(Data supplied begins)
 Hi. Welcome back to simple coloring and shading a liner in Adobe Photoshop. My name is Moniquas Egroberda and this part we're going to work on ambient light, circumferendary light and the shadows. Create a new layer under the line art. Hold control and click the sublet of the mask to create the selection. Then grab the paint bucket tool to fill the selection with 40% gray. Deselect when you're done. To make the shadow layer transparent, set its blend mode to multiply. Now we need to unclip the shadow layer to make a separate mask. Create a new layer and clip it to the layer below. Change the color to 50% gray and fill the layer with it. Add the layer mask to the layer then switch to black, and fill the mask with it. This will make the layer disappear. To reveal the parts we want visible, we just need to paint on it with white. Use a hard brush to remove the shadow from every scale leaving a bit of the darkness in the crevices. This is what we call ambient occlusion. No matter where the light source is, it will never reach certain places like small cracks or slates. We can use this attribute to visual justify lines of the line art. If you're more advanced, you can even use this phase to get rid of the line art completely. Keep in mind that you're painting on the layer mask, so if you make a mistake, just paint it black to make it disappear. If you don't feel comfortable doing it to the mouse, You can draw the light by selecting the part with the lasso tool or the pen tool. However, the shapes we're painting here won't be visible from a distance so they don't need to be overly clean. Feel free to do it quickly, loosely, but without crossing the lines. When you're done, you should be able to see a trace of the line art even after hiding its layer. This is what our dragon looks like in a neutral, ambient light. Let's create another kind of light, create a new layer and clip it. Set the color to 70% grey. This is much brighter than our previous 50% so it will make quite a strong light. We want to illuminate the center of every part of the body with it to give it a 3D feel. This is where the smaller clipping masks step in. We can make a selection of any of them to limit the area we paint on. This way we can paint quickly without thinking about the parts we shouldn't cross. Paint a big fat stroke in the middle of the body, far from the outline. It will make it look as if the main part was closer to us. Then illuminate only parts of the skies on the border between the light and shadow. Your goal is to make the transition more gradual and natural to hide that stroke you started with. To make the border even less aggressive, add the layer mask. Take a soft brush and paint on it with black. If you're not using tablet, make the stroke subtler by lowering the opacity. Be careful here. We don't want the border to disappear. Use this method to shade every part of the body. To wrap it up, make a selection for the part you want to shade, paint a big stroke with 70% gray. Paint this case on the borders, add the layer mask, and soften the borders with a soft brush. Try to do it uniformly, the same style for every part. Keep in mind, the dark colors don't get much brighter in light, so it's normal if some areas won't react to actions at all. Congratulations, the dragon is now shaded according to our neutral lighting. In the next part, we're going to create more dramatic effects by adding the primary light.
(Data supplied ends)
(Data supplied begins)
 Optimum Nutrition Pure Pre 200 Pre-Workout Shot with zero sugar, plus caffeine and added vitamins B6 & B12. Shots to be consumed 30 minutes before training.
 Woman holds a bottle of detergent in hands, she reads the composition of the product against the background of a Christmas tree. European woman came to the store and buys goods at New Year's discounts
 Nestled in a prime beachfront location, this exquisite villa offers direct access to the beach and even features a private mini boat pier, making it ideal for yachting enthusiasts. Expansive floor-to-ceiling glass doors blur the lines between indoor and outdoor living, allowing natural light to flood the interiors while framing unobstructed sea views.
(Data supplied ends)
Work request: Which lines above run from the one containing "Optimum Nutrition Pure" down to the one containing "Nestled in a"? Repeat exactly those, both ends included, and nothing else.

Response for this exercise:
 Optimum Nutrition Pure Pre 200 Pre-Workout Shot with zero sugar, plus caffeine and added vitamins B6 & B12. Shots to be consumed 30 minutes before training.
 Woman holds a bottle of detergent in hands, she reads the composition of the product against the background of a Christmas tree. European woman came to the store and buys goods at New Year's discounts
 Nestled in a prime beachfront location, this exquisite villa offers direct access to the beach and even features a private mini boat pier, making it ideal for yachting enthusiasts. Expansive floor-to-ceiling glass doors blur the lines between indoor and outdoor living, allowing natural light to flood the interiors while framing unobstructed sea views.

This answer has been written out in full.